Embassy Suites, 175 East 10th Street, St. Paul, MN, is the conference hotel. They're offering a special rate of $149.00/night for September 22-25, 2016. This offer is available until August 26 or until the block of rooms is sold out.
You can book by going to this special website or calling them at 1-800-hiltons (please, be sure to reference the Midwest World History Conference and dates if you call).
Embassy Suites will be providing a shuttle between the hotel and Metro State campus a couple times a day. Guests at Embassy Suites can park there for free.
There are other hotels in the same area..
The parking ramp at Metropolitan State University will be free to all conference attendees. (So if you're driving, perhaps you can offer a ride to someone; the conference registration form asks about ride-sharing.)
Anomalous Expansion is a landmark exhibition that features work by six Somali Minnesotan artists — highlighting their art while asking the following questions: What is their role & responsibility as Somali artists? What does s/he have to say, contribute to and produce on the contemporary local and global artscape? In other words, what is his/her artistic station?
Anomalous Expansion elaborates on the significance of the sacred space, the Masjid, as both a public and private sphere — and in this instance serves as an alternative art location that affords these artists the footing to contemplate and address conceptually both the Sublime and the Real through a culturally grounded aesthetic.
Anomalous Expansion features work by Abdi Roble, Aziz Osman, Ifrah Mansour, Kaamil Haider, Mohamed Hersi, and Mohamud Mumin.
Dates: September 17 through October 8, 2016, 4 - 9pm
Reception: September 24, 2016, 5 - 8pm
Venue: Darul Uloom Islamic Center, 977 E. 5th St., St. Paul, MN 55106
Location: 2nd Floor of the School Building
While MWWHA is not organizing a carpool to this event, we thought conference attendees might be interested to know about this event happening immediately after the conference ends.

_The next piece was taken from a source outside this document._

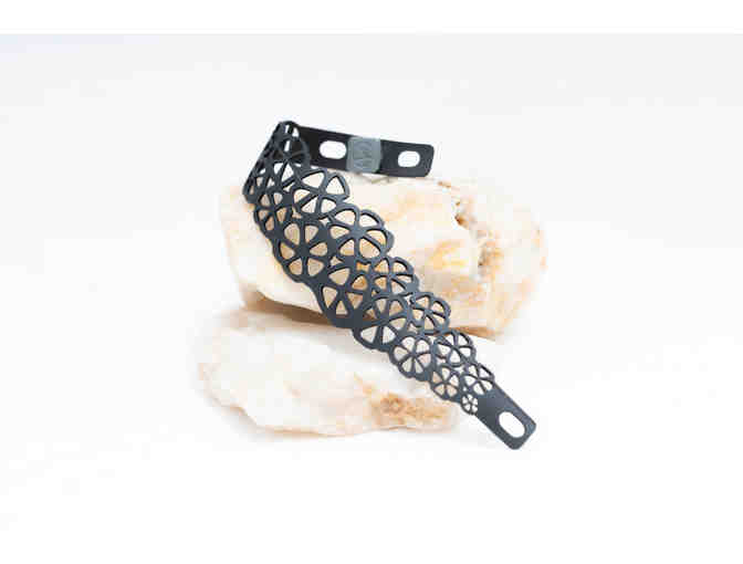 Light and airy this bracelet is inspired by the love of summer and fruit! The Citrus rubber bracelet is made out of 100% up-cycled bike inner tube rubber and has a cufflink closure that is 3D printed from recycled Legos. Made in Vermont.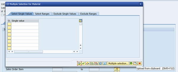 Figure 5 shows that you can enter a single value of materials ("Single value") or a range of values. You can also exclude individual materials or a range of materials while running any report in SAP by referring to the different tabs available for this purpose. If you have copied material data from another source, such as Microsoft Excel, and want to paste it into your SAP system, then you can choose "Upload from clipboard" and the system will paste all of the individual values.

Thank you, Erika Lee, for bringing this to our attention!
Here's a checklist to help you not miss any of the conference registration steps.
Every attendee, please:
Complete the Conference Registration by selecting all the options you want (e.g., lunches, seminar) on top of regular conference attendance.
Fill out the Attendee Form. The form will ask you about your lunch preferences, if you chose the lunch option(s). The keynote dinner is included in a regular registration.
The deadline to register for the seminar has passed. If you want to attend the Archival and Cartographic Seminar Friday morning, please:
Fill out the Seminar Form.
Don't forget to select the seminar in the Conference Registrationoptions.
(last updated on 29 September 2016)
(All locations are on the Metropolitan State University St. Paul campus except for the seminar Friday morning.)
**Please note: Metropolitan State students are invited to the panels and the keynote talk in the auditorium; if they want to attend more, they need to register for the conference or contact Prof. Grant (firstname.lastname@example.org) about becoming a volunteer for the conference.**
Thursday evening: pre-conference activities.
Hotel shuttle to campus leaves hotel at 5:45 PM.
Starting at 6:00: a docent-led tour of an exhibit called "Changing America" from the Smithsonian on display at Metropolitan State.
After the tour, we'll carpool over to Hmong Village where there are many choices for dinner; a student-volunteer will give us some guidance!
We'll carpool back to the hotel afterward.
Friday, 23 September
9:00AM-12:00PM. Archival and Cartographic Seminar, at the University of Minnesota.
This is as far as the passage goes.